--- Records for the task Enclosed Below ---
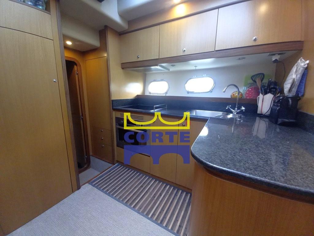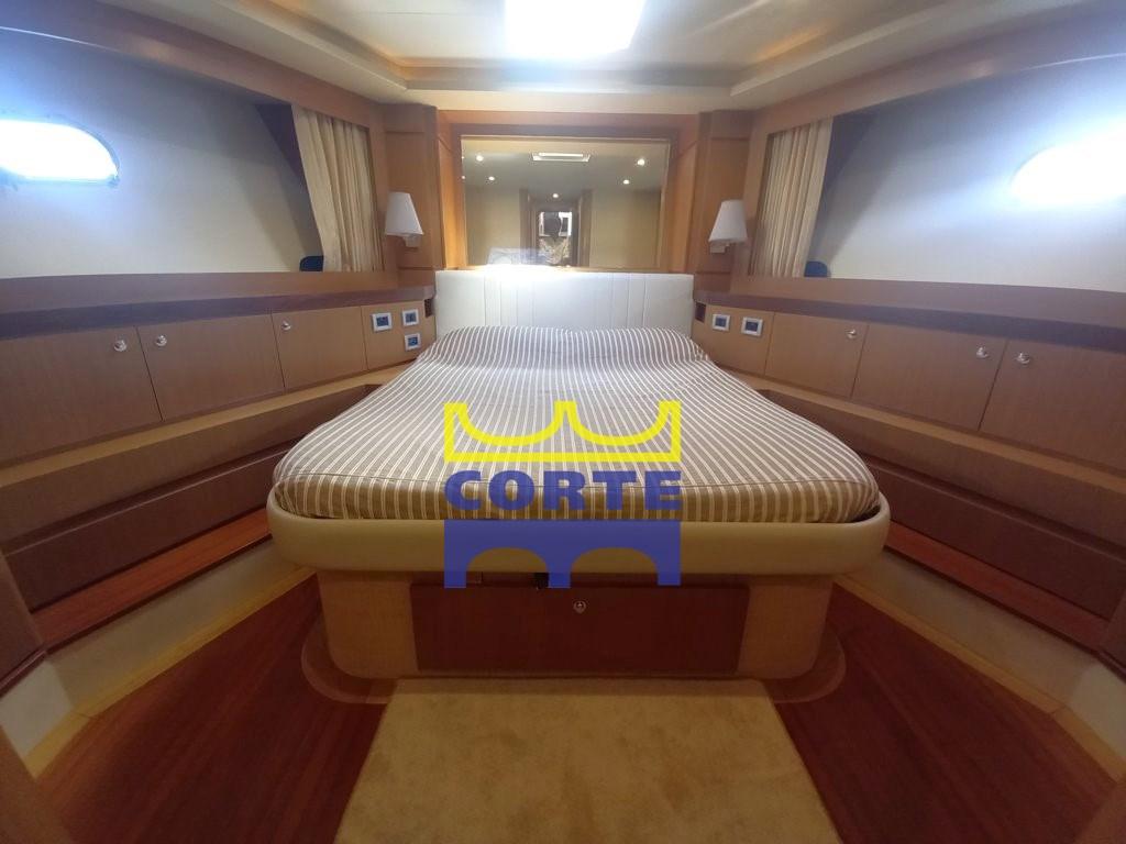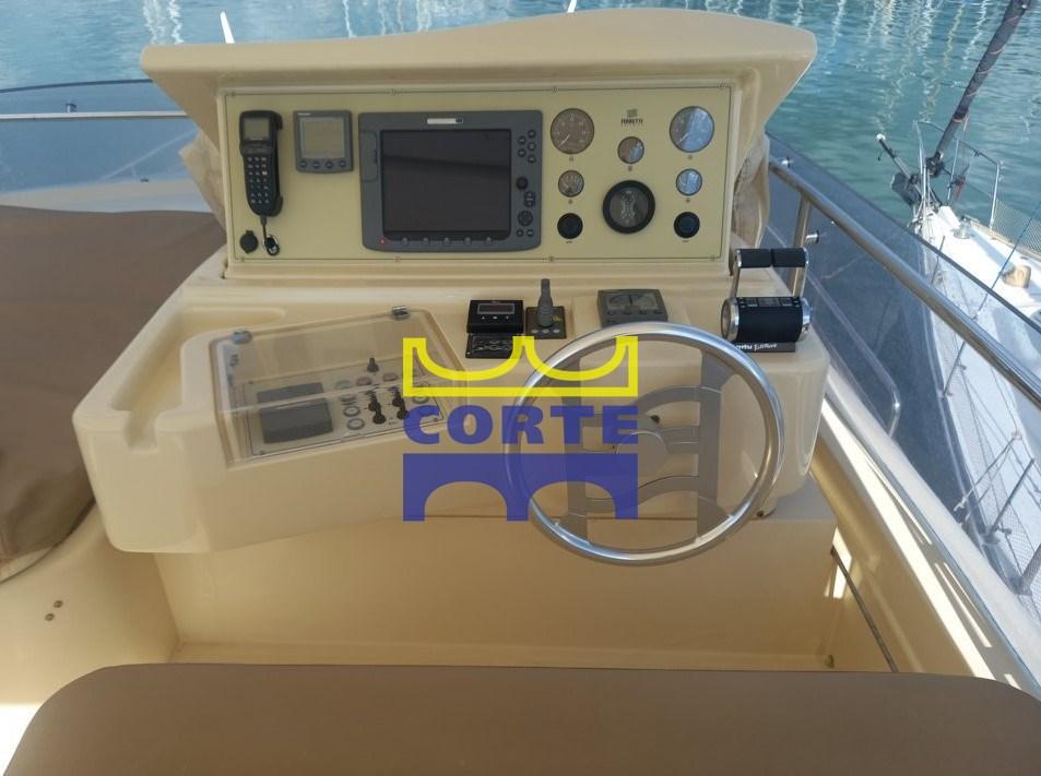 stabilizzatori giroscopici, terza stazione di comando nel pozzetto, plancetta di poppa in teak (tender lift), tavolo telescopico a prua con prendisole, fari stagni sotto plancetta, apertura laterale del pulpito,, tende doppie a pacchetto nel salone, luce camminamenti laterali, tv lcd 26" con innalzamento elettrico, freezer a cassetti, altoparlanti amplificati in coppia sul fly, Dome vuoto, cappa aspirante sopra fuochi cucina, coperture cuscinerie esterne complete color tuga.
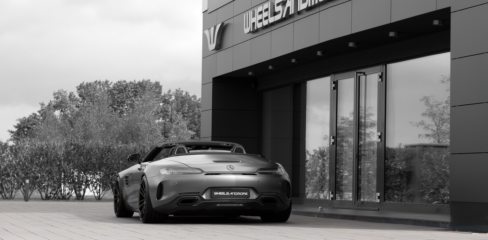 It may be shot in white and black, reminiscent of times long gone, but there’s nothing classic about this Mercedes-AMG GT C Roadster.
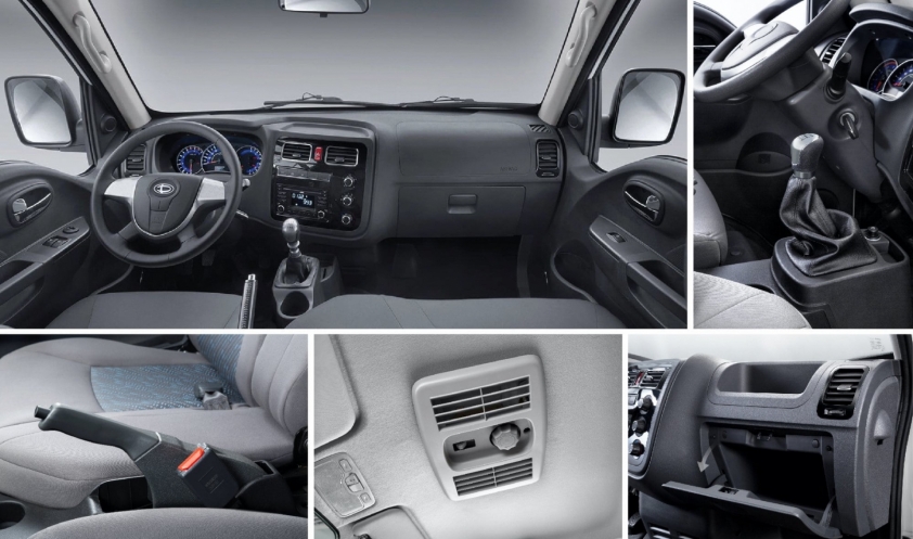 Khoang cabin được thiết kế để tối ưu không gian cho 02 người ngồi với khoảng để chân rộng, trần xe cao và thoáng. Tất cả ghế bọc nỉ cao cấp, êm ái và dễ vệ sinh. Dây đai an toàn 3 điểm trang bị tiêu chuẩn.
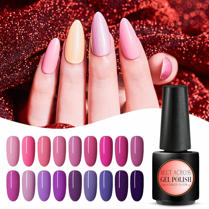 MEET ACROSS Purple Цветной Гель-лак для ногтей 7 мл УФ светодиодный отмачиваемый Гель-лак для Ногтей Стойкий розовый цвет
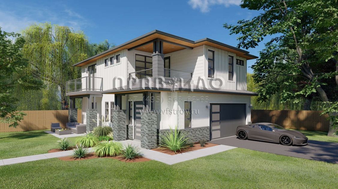 Это проект двухэтажного дома с гаражом на две машины жилой площадью 179 кв.м. Длина дома 12.5 м, ширина 10.1 м, высота 7.6 м. В доме три спальни и три санузла.
--- End of Enclosed Records for the task ---
> Work instructions
Pictures are to be dropped; every line of the records is to be returned unchanged.

> Output for this task
 stabilizzatori giroscopici, terza stazione di comando nel pozzetto, plancetta di poppa in teak (tender lift), tavolo telescopico a prua con prendisole, fari stagni sotto plancetta, apertura laterale del pulpito,, tende doppie a pacchetto nel salone, luce camminamenti laterali, tv lcd 26" con innalzamento elettrico, freezer a cassetti, altoparlanti amplificati in coppia sul fly, Dome vuoto, cappa aspirante sopra fuochi cucina, coperture cuscinerie esterne complete color tuga.
 It may be shot in white and black, reminiscent of times long gone, but there’s nothing classic about this Mercedes-AMG GT C Roadster.
 Khoang cabin được thiết kế để tối ưu không gian cho 02 người ngồi với khoảng để chân rộng, trần xe cao và thoáng. Tất cả ghế bọc nỉ cao cấp, êm ái và dễ vệ sinh. Dây đai an toàn 3 điểm trang bị tiêu chuẩn.
 MEET ACROSS Purple Цветной Гель-лак для ногтей 7 мл УФ светодиодный отмачиваемый Гель-лак для Ногтей Стойкий розовый цвет
 Это проект двухэтажного дома с гаражом на две машины жилой площадью 179 кв.м. Длина дома 12.5 м, ширина 10.1 м, высота 7.6 м. В доме три спальни и три санузла.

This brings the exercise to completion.